Pada musim gugur 2005, saudari iparku memberitakan Injil Tuhan pada akhir zaman kepadaku. Dengan makan dan minum firman Tuhan, aku memahami bahwa manusia diciptakan oleh Tuhan, Dia berdaulat atas nasib seluruh umat manusia, dan seluruh umat manusia harus percaya kepada Tuhan serta menyembah-Nya. Kemudian, aku sering kali berkumpul dengan saudara-saudari untuk makan dan minum firman Tuhan serta menyanyikan lagu-lagu pujian untuk memuji Tuhan. Aku menikmatinya dan merasa lega. Segera setelah itu, aku dapat melaksanakan tugas. Aku bertanggung jawab atas pertemuan tiga kelompok. Saat itu, musim sepi penjualan di penyulingan, dan aku hanya bekerja setengah hari. Aku juga bisa libur setiap hari Minggu. Pekerjaanku tidak menghalangiku menghadiri pertemuan atau melaksanakan tugasku.

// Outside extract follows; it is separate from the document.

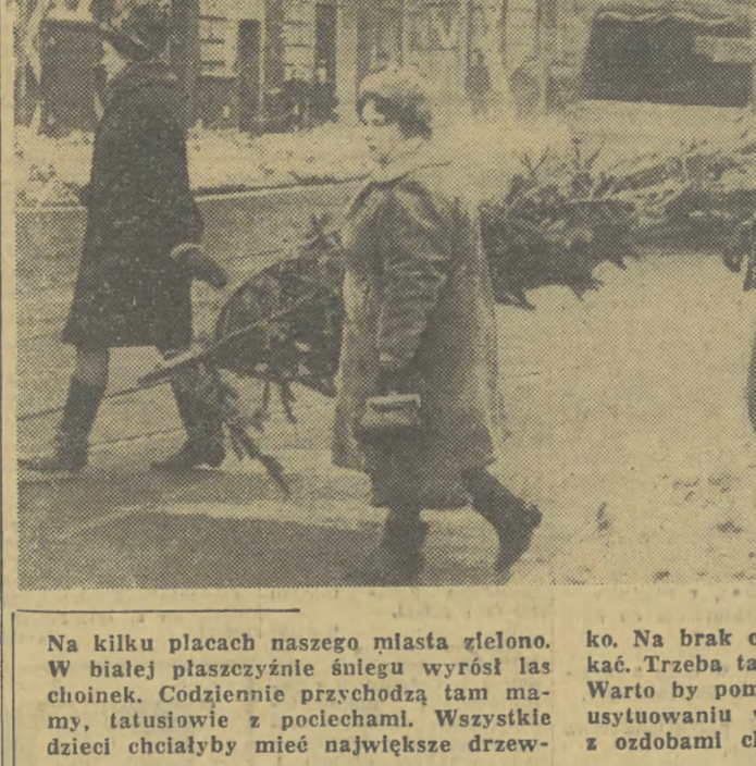
Na kilku placach naszego miasta zielono. W białej płaszczyźnie snegu wyrosł las choinek. Codziennie przychodzą tam mamy, tatusiowie z pociechami. Wszystkie dzieci chciałyby mieć największe drzewko. Na brak choinek nie możemy narzekać. Trzeba także zaznaczyć, że są ładne. Warto by pomyśleć w przyszłym roku o usytuowaniu w pobliżu choinek stoiska z ozdobami choinkowymi.

Otwarcie galerii rzeźby i malarstwa jest formą wychowawanego tym skuteczniej, że poparte jest cyklem wykładów o sztuce, jakie dla uczniów tej szkoły prowadził będzie prof. Władysław Hodys. (jmc)

Saat musim gugur 2006 tiba, pabrik sangat sibuk. Aku harus bekerja setidaknya lebih dari sepuluh jam sehari. Saat rapat, manajer penyulingan sering kali berkata, "Sekarang adalah musim puncak produksi. Sebagai pemimpin tim, engkau harus memikirkan cara menyelesaikan kuota produksi tepat waktu. Selama waktu tersebut, engkau tidak boleh mengambil cuti, datang terlambat, atau pulang lebih awal! Jika engkau tidak bekerja keras, engkau akan dipecat!" Ketika mendengar ini, hatiku merasa terkekang. Aku takut akan dipecat jika ada pekerjaan yang tidak diselesaikan dengan baik. Meskipun aku ingin menghadiri pertemuan dan melaksanakan tugas, aku tak bisa menemukan waktu. Aku sangat kebingungan, "Aku begitu sibuk sehingga bahkan tidak bisa menghadiri pertemuan. Seperti inikah seharusnya orang yang percaya kepada Tuhan? Jika aku sering mengambil cuti untuk menghadiri pertemuan, pekerjaanku akan terhambat dan aku akan dipecat. Jika kehilangan pekerjaan yang mapan ini, bagaimana aku menjamin hidupku ke depannya? Itu tidak boleh terjadi. Apa pun yang terjadi, aku tak boleh kehilangan pekerjaan ini. Aku akan memikirkan pertemuan setelah musim puncak produksi berlalu." Setelah itu, aku mencurahkan hati dan pikiranku untuk pekerjaanku. Aku bekerja dari pukul 7 pagi hingga tengah malam setiap hari. Terkadang, aku bahkan bekerja lembur hingga pukul satu atau dua dini hari. Tubuhku lemas karena begitu kelelahan. Sesampainya di rumah, aku langsung tertidur begitu kepalaku menyentuh bantal. Aku bahkan tidak sempat berdoa atau menunaikan saat teduh. Setiap hari, pikiranku dipenuhi dengan cara memenuhi kuota produksi tepat waktu. Aku bekerja seperti mesin, tanpa berhenti. Lambat laun, hatiku makin jauh dari Tuhan.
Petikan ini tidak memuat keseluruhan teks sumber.